**Goal of the exercise:** Retype exactly what appears below from the line containing "Phone,Live Stream,Make Up,YouTube,TikTok" down to the line containing "The 14 gauge", keeping both end lines. Do not include pictures.

**Data listing:**
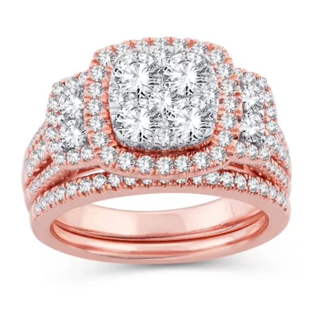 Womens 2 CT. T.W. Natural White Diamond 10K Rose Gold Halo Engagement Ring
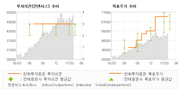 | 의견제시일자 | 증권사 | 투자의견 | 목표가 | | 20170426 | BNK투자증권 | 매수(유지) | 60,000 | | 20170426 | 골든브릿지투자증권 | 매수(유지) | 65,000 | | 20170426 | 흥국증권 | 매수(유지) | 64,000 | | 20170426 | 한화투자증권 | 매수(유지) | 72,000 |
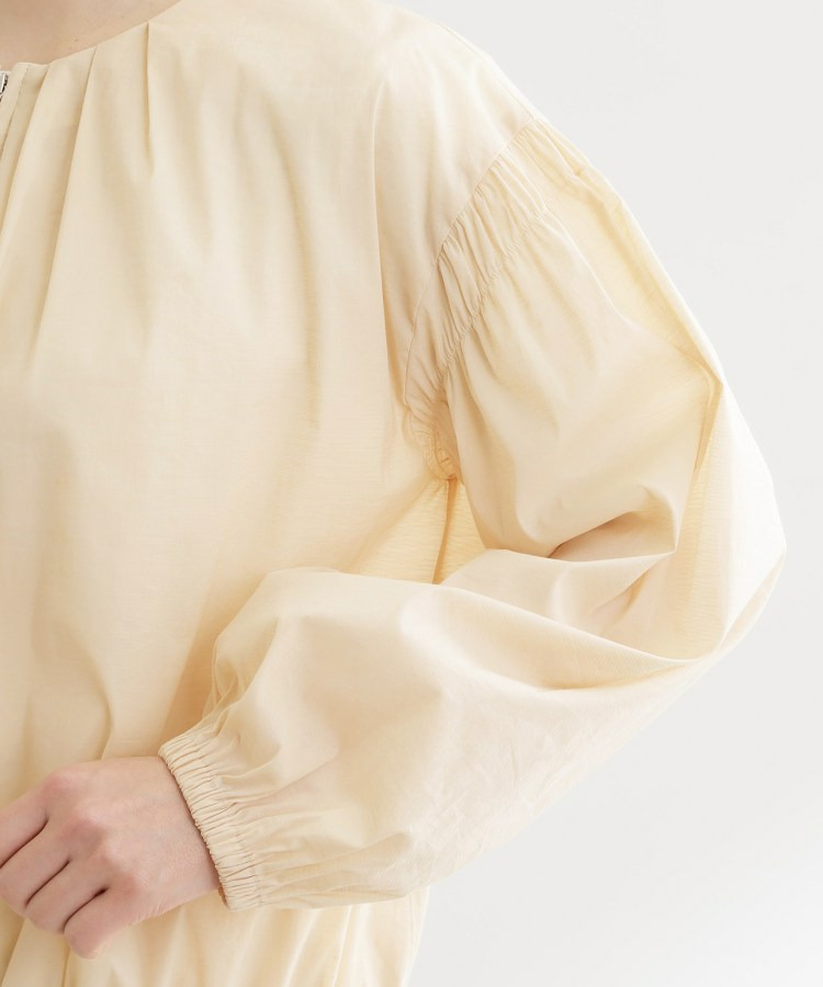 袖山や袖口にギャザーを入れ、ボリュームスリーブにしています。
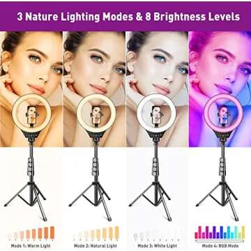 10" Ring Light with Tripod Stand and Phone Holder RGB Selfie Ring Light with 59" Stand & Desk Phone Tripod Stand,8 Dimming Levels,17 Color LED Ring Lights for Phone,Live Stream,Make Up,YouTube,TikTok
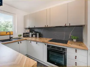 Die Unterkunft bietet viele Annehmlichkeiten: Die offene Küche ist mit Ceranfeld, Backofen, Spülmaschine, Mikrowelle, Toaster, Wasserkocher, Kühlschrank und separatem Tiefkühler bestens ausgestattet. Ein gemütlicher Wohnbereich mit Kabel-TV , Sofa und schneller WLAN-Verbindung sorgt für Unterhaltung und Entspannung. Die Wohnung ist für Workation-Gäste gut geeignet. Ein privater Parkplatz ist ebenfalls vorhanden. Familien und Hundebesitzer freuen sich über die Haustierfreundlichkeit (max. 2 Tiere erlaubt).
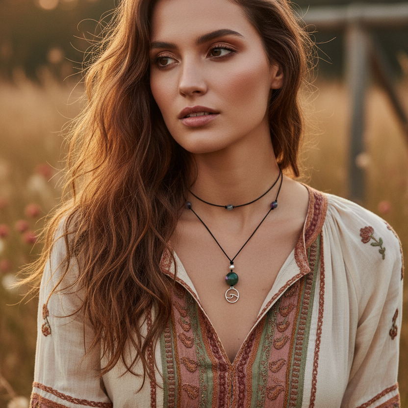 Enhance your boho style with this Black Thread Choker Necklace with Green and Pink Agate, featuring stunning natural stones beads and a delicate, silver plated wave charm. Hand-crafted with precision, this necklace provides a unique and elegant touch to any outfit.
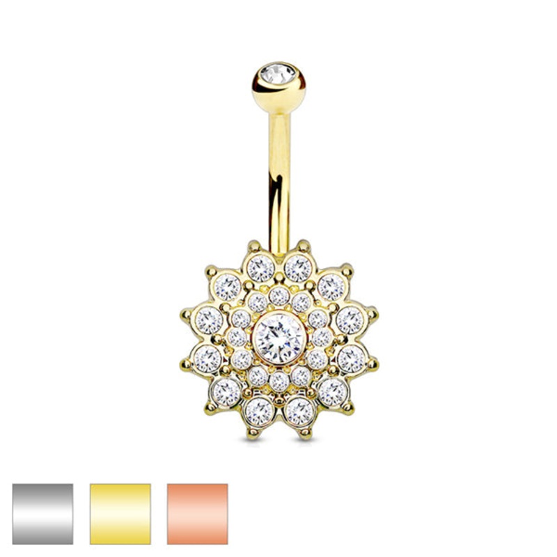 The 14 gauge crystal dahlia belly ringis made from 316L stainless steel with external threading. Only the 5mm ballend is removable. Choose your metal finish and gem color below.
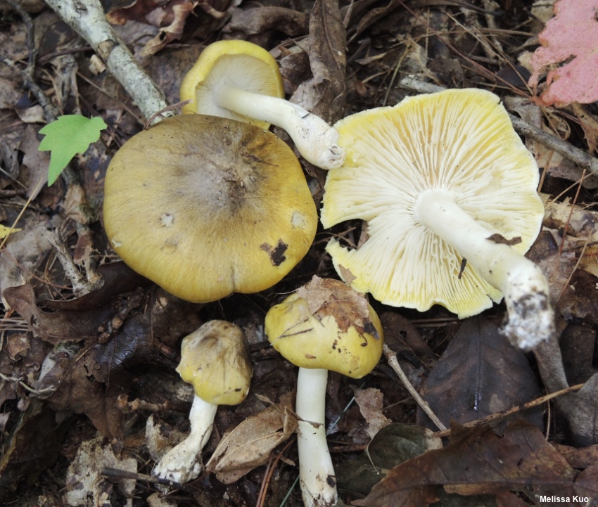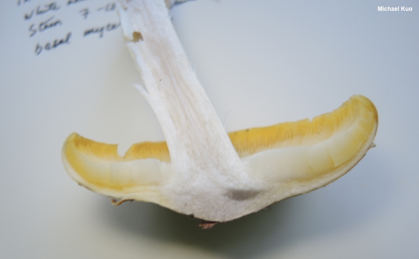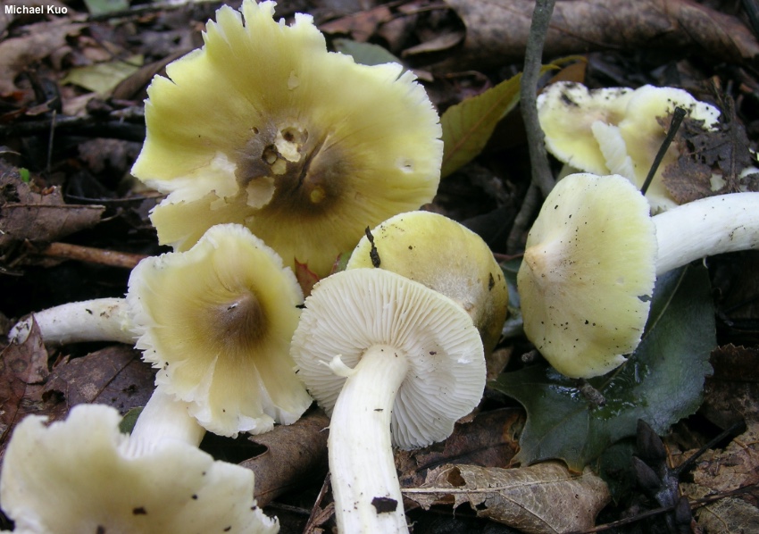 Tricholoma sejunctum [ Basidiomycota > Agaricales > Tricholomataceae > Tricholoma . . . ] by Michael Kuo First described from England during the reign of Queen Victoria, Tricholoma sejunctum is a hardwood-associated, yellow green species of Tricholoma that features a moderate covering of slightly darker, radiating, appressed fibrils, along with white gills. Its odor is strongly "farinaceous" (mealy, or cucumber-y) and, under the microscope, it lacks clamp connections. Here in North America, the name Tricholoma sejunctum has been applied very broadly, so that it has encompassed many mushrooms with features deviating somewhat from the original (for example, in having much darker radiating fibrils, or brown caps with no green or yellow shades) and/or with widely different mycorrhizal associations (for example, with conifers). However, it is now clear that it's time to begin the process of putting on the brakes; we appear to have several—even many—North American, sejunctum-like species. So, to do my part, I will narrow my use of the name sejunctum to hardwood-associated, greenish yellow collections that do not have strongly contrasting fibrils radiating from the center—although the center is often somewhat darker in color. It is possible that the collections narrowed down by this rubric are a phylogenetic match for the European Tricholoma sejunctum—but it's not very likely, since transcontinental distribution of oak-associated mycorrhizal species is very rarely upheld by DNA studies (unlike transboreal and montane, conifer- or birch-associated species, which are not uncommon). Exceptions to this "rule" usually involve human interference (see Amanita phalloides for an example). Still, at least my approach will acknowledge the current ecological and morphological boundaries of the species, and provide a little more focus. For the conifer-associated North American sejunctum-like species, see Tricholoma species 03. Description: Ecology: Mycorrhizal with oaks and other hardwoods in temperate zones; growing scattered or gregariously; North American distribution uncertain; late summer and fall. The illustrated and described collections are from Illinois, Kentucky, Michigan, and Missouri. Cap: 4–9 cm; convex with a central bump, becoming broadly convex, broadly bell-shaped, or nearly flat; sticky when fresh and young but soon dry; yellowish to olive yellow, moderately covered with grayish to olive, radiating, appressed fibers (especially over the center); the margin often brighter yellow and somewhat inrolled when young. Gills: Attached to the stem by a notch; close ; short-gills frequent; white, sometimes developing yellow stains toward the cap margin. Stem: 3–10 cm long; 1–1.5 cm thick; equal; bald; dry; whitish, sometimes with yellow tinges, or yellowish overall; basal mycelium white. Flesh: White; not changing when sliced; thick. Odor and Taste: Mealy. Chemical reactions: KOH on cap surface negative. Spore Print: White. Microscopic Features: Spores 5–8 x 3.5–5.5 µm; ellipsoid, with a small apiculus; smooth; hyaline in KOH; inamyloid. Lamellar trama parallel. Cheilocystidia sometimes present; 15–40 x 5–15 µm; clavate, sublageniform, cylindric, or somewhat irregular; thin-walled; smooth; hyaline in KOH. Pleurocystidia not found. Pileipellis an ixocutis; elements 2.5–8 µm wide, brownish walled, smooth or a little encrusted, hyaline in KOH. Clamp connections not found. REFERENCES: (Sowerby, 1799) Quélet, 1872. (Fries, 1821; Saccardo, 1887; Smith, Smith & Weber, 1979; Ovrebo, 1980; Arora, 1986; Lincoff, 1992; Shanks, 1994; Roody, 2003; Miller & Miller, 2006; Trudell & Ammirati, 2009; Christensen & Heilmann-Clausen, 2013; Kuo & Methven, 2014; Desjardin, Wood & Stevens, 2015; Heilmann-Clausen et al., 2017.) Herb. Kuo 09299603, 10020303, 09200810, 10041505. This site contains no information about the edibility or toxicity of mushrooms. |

**Response area:**
 10" Ring Light with Tripod Stand and Phone Holder RGB Selfie Ring Light with 59" Stand & Desk Phone Tripod Stand,8 Dimming Levels,17 Color LED Ring Lights for Phone,Live Stream,Make Up,YouTube,TikTok
 Die Unterkunft bietet viele Annehmlichkeiten: Die offene Küche ist mit Ceranfeld, Backofen, Spülmaschine, Mikrowelle, Toaster, Wasserkocher, Kühlschrank und separatem Tiefkühler bestens ausgestattet. Ein gemütlicher Wohnbereich mit Kabel-TV , Sofa und schneller WLAN-Verbindung sorgt für Unterhaltung und Entspannung. Die Wohnung ist für Workation-Gäste gut geeignet. Ein privater Parkplatz ist ebenfalls vorhanden. Familien und Hundebesitzer freuen sich über die Haustierfreundlichkeit (max. 2 Tiere erlaubt).
 Enhance your boho style with this Black Thread Choker Necklace with Green and Pink Agate, featuring stunning natural stones beads and a delicate, silver plated wave charm. Hand-crafted with precision, this necklace provides a unique and elegant touch to any outfit.
 The 14 gauge crystal dahlia belly ringis made from 316L stainless steel with external threading. Only the 5mm ballend is removable. Choose your metal finish and gem color below.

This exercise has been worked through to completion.